------ Entries supplied

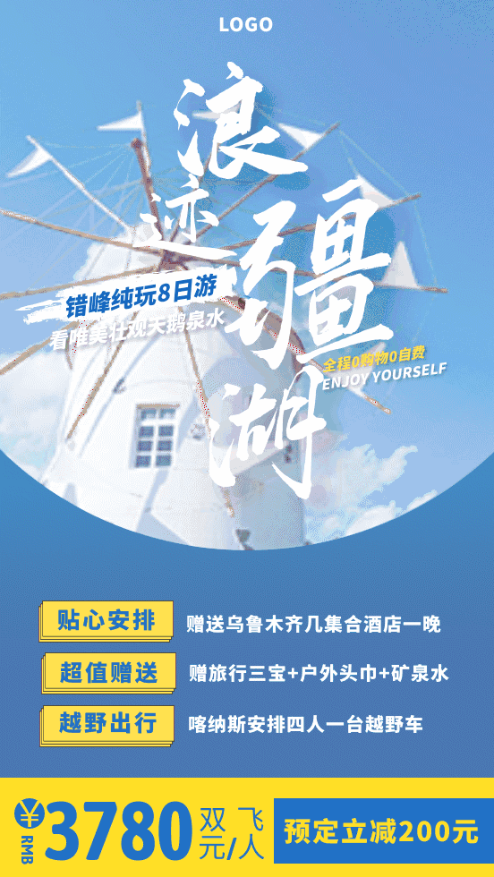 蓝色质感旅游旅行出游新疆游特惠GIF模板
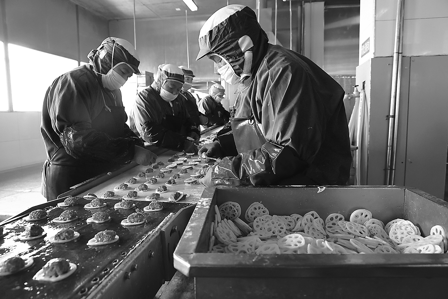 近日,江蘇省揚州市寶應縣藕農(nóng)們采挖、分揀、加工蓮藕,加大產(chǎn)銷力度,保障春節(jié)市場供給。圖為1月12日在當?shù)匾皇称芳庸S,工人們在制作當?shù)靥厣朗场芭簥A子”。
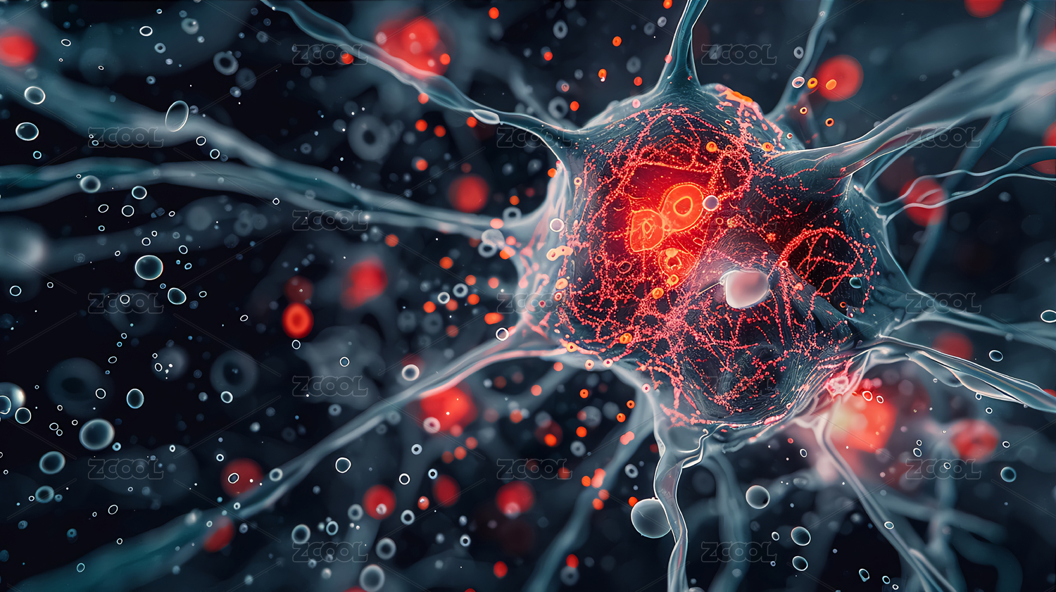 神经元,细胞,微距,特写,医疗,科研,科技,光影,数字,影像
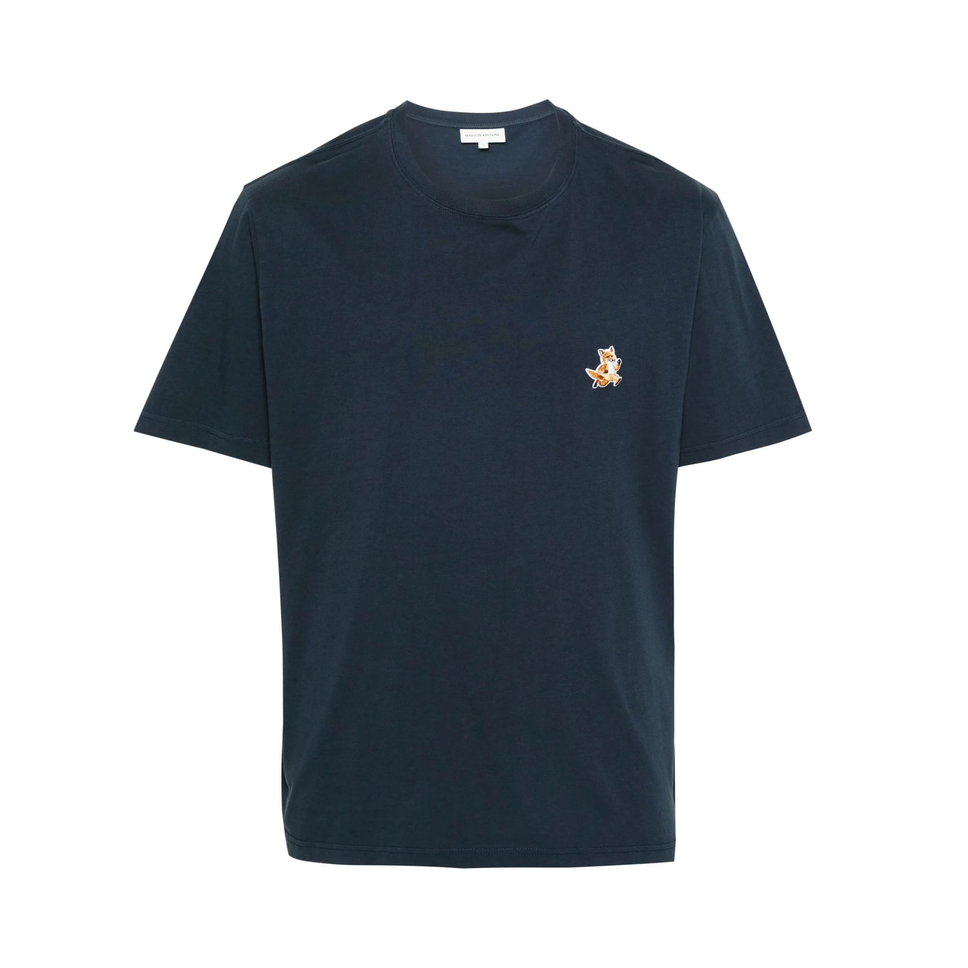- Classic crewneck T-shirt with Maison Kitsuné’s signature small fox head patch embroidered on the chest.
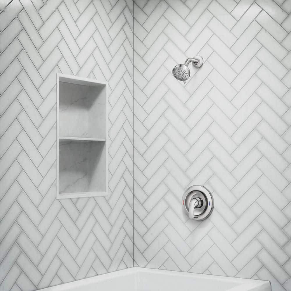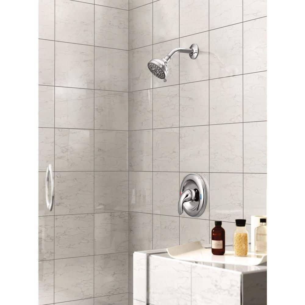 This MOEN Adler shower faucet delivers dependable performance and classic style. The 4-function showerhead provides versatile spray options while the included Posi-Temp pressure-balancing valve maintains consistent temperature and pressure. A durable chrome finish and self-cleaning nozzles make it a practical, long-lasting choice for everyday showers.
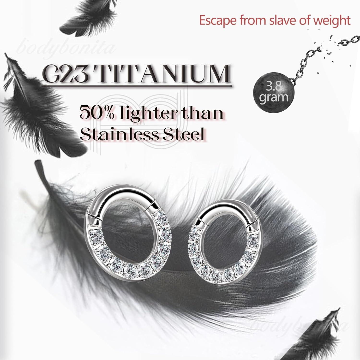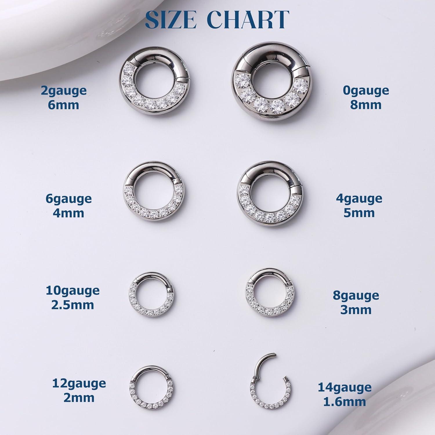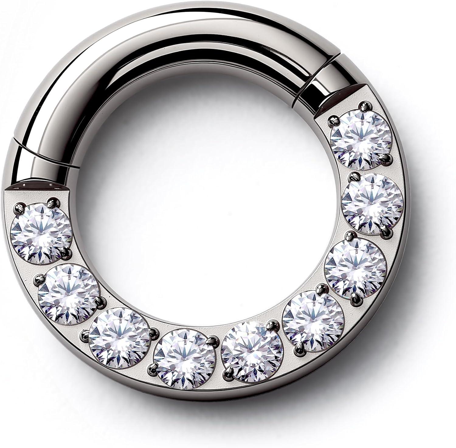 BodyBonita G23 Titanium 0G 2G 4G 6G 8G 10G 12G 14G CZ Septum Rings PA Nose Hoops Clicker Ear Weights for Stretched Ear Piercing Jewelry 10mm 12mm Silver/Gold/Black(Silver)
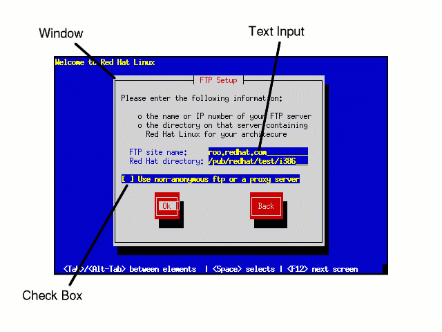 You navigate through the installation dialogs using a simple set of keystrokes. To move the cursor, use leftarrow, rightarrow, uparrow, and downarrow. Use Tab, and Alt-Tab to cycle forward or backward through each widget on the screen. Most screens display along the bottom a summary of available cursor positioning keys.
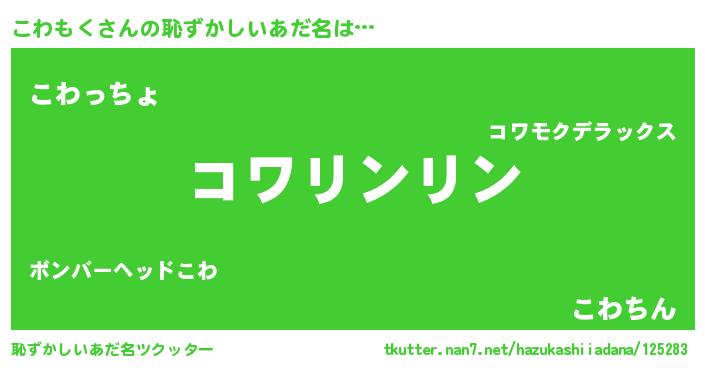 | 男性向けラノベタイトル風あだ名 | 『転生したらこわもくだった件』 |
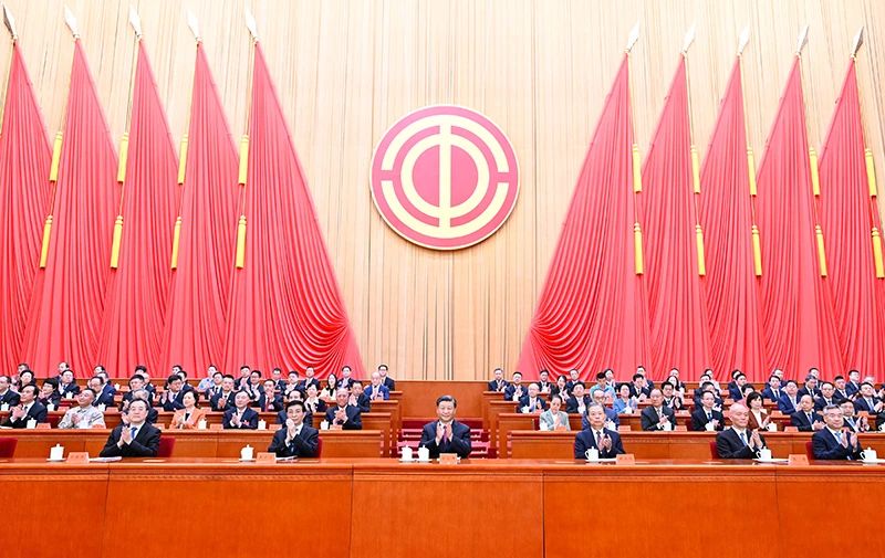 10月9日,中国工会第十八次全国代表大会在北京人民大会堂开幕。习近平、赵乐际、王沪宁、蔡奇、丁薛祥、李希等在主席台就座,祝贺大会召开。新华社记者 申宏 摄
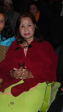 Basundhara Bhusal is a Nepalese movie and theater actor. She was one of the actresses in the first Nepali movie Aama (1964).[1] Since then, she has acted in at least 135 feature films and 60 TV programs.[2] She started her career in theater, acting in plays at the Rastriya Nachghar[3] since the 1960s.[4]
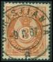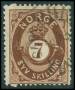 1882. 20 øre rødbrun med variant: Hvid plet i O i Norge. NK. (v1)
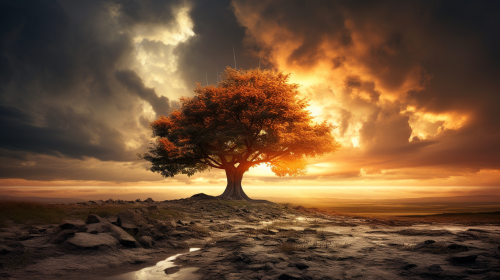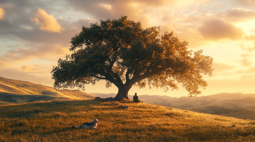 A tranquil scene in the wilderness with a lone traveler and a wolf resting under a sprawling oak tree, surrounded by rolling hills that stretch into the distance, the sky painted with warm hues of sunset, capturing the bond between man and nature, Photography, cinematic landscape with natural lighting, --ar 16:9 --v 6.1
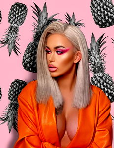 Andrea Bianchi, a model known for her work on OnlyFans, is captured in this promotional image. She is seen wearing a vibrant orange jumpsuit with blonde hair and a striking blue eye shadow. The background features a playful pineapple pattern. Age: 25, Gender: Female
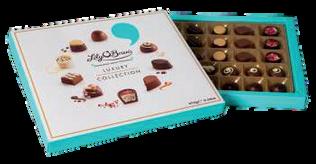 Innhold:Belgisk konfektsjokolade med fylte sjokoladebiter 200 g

------------

Requirement:
Leave the pictures out and reproduce each record exactly as written.

Exercise solution:
 蓝色质感旅游旅行出游新疆游特惠GIF模板
 近日,江蘇省揚州市寶應縣藕農(nóng)們采挖、分揀、加工蓮藕,加大產(chǎn)銷力度,保障春節(jié)市場供給。圖為1月12日在當?shù)匾皇称芳庸S,工人們在制作當?shù)靥厣朗场芭簥A子”。
 神经元,细胞,微距,特写,医疗,科研,科技,光影,数字,影像
- Classic crewneck T-shirt with Maison Kitsuné’s signature small fox head patch embroidered on the chest.
 This MOEN Adler shower faucet delivers dependable performance and classic style. The 4-function showerhead provides versatile spray options while the included Posi-Temp pressure-balancing valve maintains consistent temperature and pressure. A durable chrome finish and self-cleaning nozzles make it a practical, long-lasting choice for everyday showers.
 BodyBonita G23 Titanium 0G 2G 4G 6G 8G 10G 12G 14G CZ Septum Rings PA Nose Hoops Clicker Ear Weights for Stretched Ear Piercing Jewelry 10mm 12mm Silver/Gold/Black(Silver)
 You navigate through the installation dialogs using a simple set of keystrokes. To move the cursor, use leftarrow, rightarrow, uparrow, and downarrow. Use Tab, and Alt-Tab to cycle forward or backward through each widget on the screen. Most screens display along the bottom a summary of available cursor positioning keys.
 | 男性向けラノベタイトル風あだ名 | 『転生したらこわもくだった件』 |
 10月9日,中国工会第十八次全国代表大会在北京人民大会堂开幕。习近平、赵乐际、王沪宁、蔡奇、丁薛祥、李希等在主席台就座,祝贺大会召开。新华社记者 申宏 摄
 Basundhara Bhusal is a Nepalese movie and theater actor. She was one of the actresses in the first Nepali movie Aama (1964).[1] Since then, she has acted in at least 135 feature films and 60 TV programs.[2] She started her career in theater, acting in plays at the Rastriya Nachghar[3] since the 1960s.[4]
 1882. 20 øre rødbrun med variant: Hvid plet i O i Norge. NK. (v1)
 A tranquil scene in the wilderness with a lone traveler and a wolf resting under a sprawling oak tree, surrounded by rolling hills that stretch into the distance, the sky painted with warm hues of sunset, capturing the bond between man and nature, Photography, cinematic landscape with natural lighting, --ar 16:9 --v 6.1
 Andrea Bianchi, a model known for her work on OnlyFans, is captured in this promotional image. She is seen wearing a vibrant orange jumpsuit with blonde hair and a striking blue eye shadow. The background features a playful pineapple pattern. Age: 25, Gender: Female
 Innhold:Belgisk konfektsjokolade med fylte sjokoladebiter 200 g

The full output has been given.